*** SOURCE DATA Section Begins ***

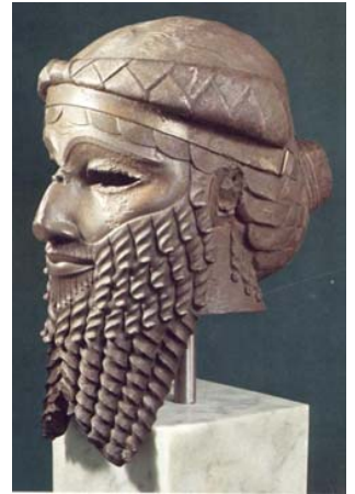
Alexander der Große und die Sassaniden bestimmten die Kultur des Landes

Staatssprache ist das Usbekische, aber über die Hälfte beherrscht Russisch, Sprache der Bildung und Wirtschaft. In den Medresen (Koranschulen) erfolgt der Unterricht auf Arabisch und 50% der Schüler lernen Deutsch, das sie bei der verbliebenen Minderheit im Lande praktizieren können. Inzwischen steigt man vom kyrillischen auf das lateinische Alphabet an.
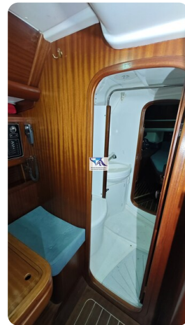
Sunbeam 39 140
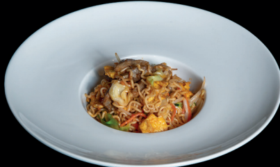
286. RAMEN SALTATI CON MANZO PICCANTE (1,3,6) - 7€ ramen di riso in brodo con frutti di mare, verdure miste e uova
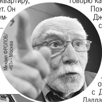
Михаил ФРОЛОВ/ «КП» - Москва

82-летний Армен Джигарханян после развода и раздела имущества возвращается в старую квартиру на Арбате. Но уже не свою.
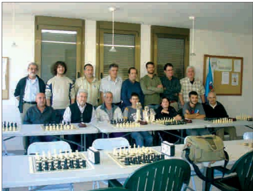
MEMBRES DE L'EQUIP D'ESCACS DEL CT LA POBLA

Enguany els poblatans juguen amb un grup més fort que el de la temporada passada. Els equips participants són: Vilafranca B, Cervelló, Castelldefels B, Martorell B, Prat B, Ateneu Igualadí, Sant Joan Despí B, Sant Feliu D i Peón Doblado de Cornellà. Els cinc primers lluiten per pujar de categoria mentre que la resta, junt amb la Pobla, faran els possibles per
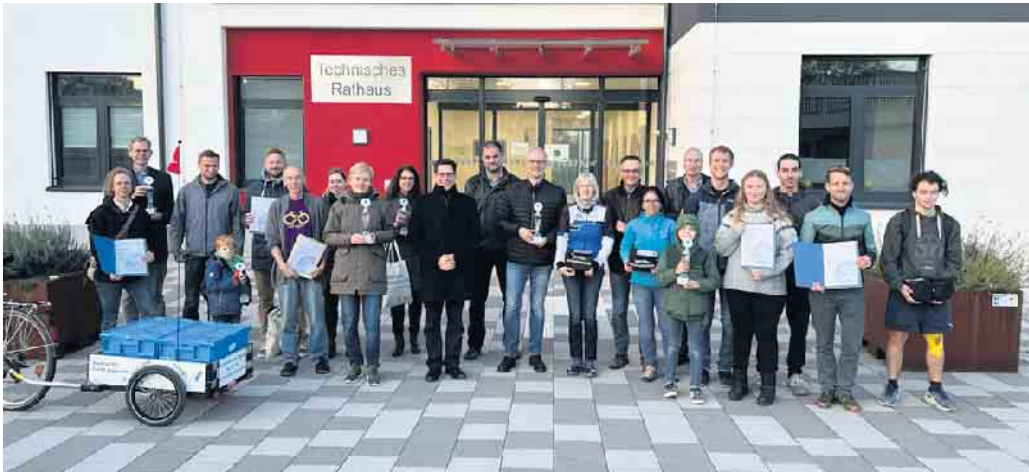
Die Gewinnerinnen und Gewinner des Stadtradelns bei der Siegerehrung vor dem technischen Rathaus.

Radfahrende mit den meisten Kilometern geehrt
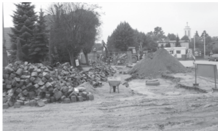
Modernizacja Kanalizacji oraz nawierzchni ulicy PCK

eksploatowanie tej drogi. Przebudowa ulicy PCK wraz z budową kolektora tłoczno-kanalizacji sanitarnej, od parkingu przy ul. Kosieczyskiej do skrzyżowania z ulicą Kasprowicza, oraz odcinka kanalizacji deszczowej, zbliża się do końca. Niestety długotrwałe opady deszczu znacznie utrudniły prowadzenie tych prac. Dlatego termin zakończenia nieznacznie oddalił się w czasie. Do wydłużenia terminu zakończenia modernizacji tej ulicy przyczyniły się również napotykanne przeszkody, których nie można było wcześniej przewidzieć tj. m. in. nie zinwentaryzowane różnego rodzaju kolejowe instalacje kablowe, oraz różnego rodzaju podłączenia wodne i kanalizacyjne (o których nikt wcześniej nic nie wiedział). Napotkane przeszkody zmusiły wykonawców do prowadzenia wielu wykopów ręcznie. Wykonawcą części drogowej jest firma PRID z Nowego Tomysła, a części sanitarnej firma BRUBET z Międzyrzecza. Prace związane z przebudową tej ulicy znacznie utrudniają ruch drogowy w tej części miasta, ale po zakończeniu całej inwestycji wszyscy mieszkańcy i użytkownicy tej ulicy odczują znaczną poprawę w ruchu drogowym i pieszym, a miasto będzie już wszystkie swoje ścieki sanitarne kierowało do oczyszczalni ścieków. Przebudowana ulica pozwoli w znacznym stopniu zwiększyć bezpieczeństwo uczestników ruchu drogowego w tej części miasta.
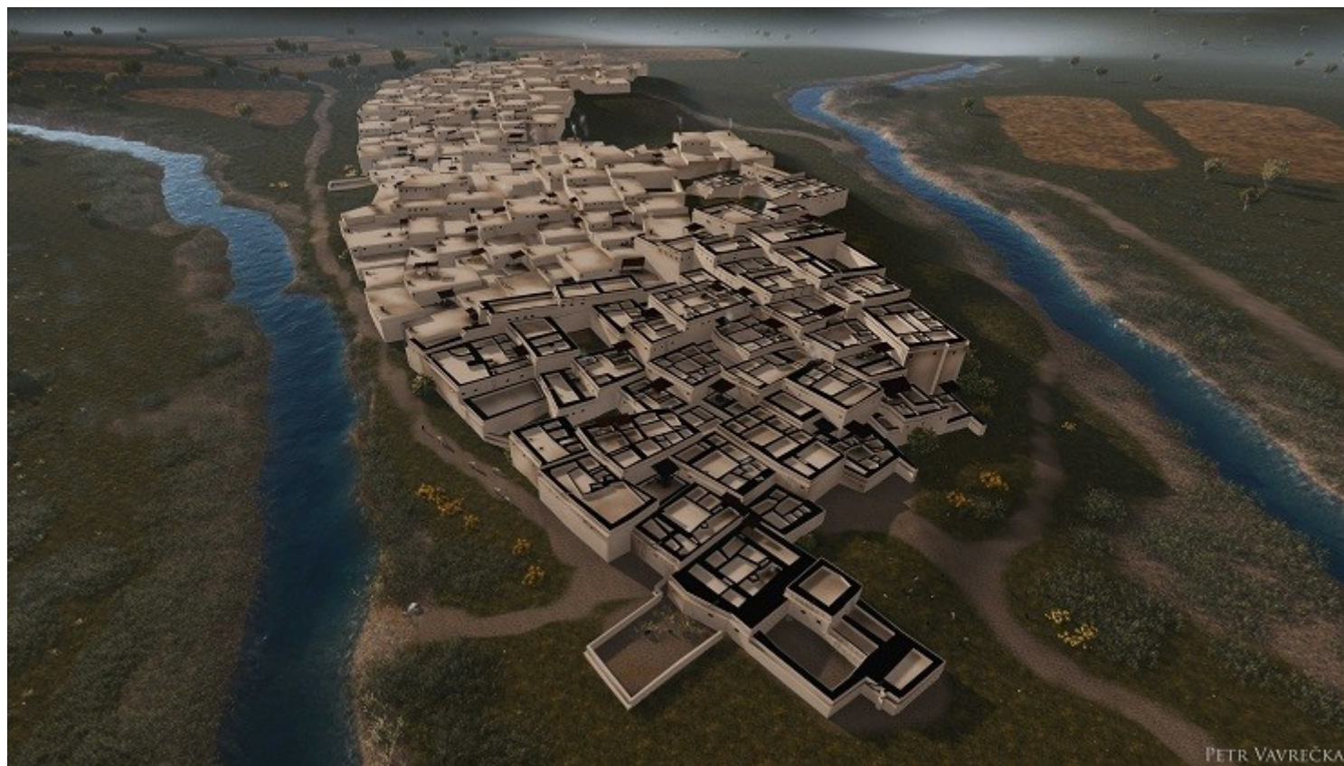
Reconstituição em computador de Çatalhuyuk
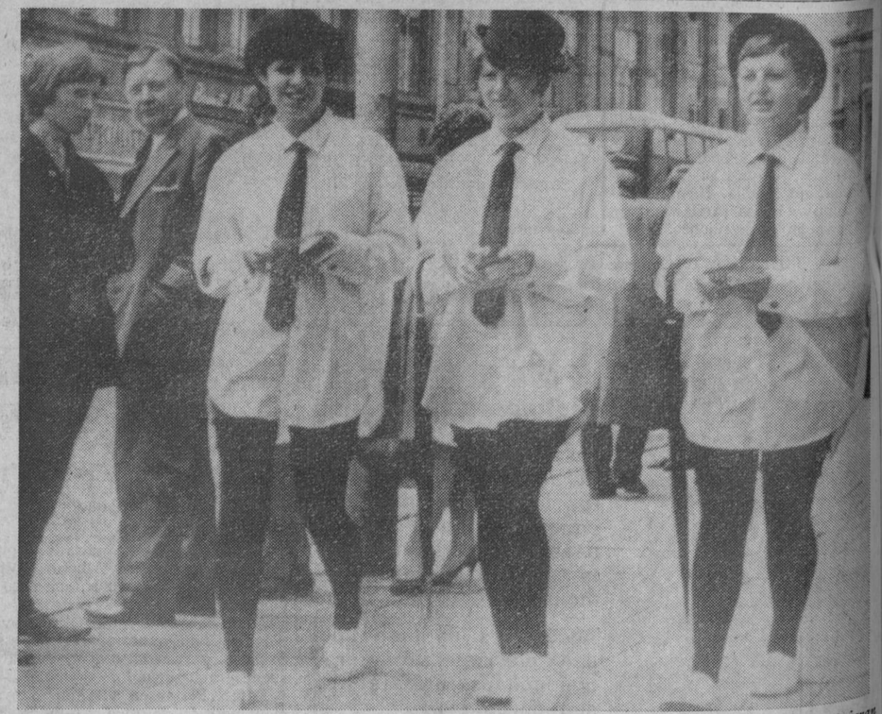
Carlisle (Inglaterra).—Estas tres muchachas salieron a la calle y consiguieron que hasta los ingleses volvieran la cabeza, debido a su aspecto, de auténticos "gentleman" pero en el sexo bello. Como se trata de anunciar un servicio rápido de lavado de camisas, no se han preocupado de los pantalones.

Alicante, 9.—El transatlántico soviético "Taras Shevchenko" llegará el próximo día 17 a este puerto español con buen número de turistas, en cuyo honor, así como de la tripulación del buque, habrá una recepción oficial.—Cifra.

*** SOURCE DATA Section Ends ***

Omitting all pictures, reproduce the records above in their entirety.

Alexander der Große und die Sassaniden bestimmten die Kultur des Landes

Staatssprache ist das Usbekische, aber über die Hälfte beherrscht Russisch, Sprache der Bildung und Wirtschaft. In den Medresen (Koranschulen) erfolgt der Unterricht auf Arabisch und 50% der Schüler lernen Deutsch, das sie bei der verbliebenen Minderheit im Lande praktizieren können. Inzwischen steigt man vom kyrillischen auf das lateinische Alphabet an.
Sunbeam 39 140
286. RAMEN SALTATI CON MANZO PICCANTE (1,3,6) - 7€ ramen di riso in brodo con frutti di mare, verdure miste e uova
Михаил ФРОЛОВ/ «КП» - Москва

82-летний Армен Джигарханян после развода и раздела имущества возвращается в старую квартиру на Арбате. Но уже не свою.
MEMBRES DE L'EQUIP D'ESCACS DEL CT LA POBLA

Enguany els poblatans juguen amb un grup més fort que el de la temporada passada. Els equips participants són: Vilafranca B, Cervelló, Castelldefels B, Martorell B, Prat B, Ateneu Igualadí, Sant Joan Despí B, Sant Feliu D i Peón Doblado de Cornellà. Els cinc primers lluiten per pujar de categoria mentre que la resta, junt amb la Pobla, faran els possibles per
Die Gewinnerinnen und Gewinner des Stadtradelns bei der Siegerehrung vor dem technischen Rathaus.

Radfahrende mit den meisten Kilometern geehrt
Modernizacja Kanalizacji oraz nawierzchni ulicy PCK

eksploatowanie tej drogi. Przebudowa ulicy PCK wraz z budową kolektora tłoczno-kanalizacji sanitarnej, od parkingu przy ul. Kosieczyskiej do skrzyżowania z ulicą Kasprowicza, oraz odcinka kanalizacji deszczowej, zbliża się do końca. Niestety długotrwałe opady deszczu znacznie utrudniły prowadzenie tych prac. Dlatego termin zakończenia nieznacznie oddalił się w czasie. Do wydłużenia terminu zakończenia modernizacji tej ulicy przyczyniły się również napotykanne przeszkody, których nie można było wcześniej przewidzieć tj. m. in. nie zinwentaryzowane różnego rodzaju kolejowe instalacje kablowe, oraz różnego rodzaju podłączenia wodne i kanalizacyjne (o których nikt wcześniej nic nie wiedział). Napotkane przeszkody zmusiły wykonawców do prowadzenia wielu wykopów ręcznie. Wykonawcą części drogowej jest firma PRID z Nowego Tomysła, a części sanitarnej firma BRUBET z Międzyrzecza. Prace związane z przebudową tej ulicy znacznie utrudniają ruch drogowy w tej części miasta, ale po zakończeniu całej inwestycji wszyscy mieszkańcy i użytkownicy tej ulicy odczują znaczną poprawę w ruchu drogowym i pieszym, a miasto będzie już wszystkie swoje ścieki sanitarne kierowało do oczyszczalni ścieków. Przebudowana ulica pozwoli w znacznym stopniu zwiększyć bezpieczeństwo uczestników ruchu drogowego w tej części miasta.
Reconstituição em computador de Çatalhuyuk
Carlisle (Inglaterra).—Estas tres muchachas salieron a la calle y consiguieron que hasta los ingleses volvieran la cabeza, debido a su aspecto, de auténticos "gentleman" pero en el sexo bello. Como se trata de anunciar un servicio rápido de lavado de camisas, no se han preocupado de los pantalones.

Alicante, 9.—El transatlántico soviético "Taras Shevchenko" llegará el próximo día 17 a este puerto español con buen número de turistas, en cuyo honor, así como de la tripulación del buque, habrá una recepción oficial.—Cifra.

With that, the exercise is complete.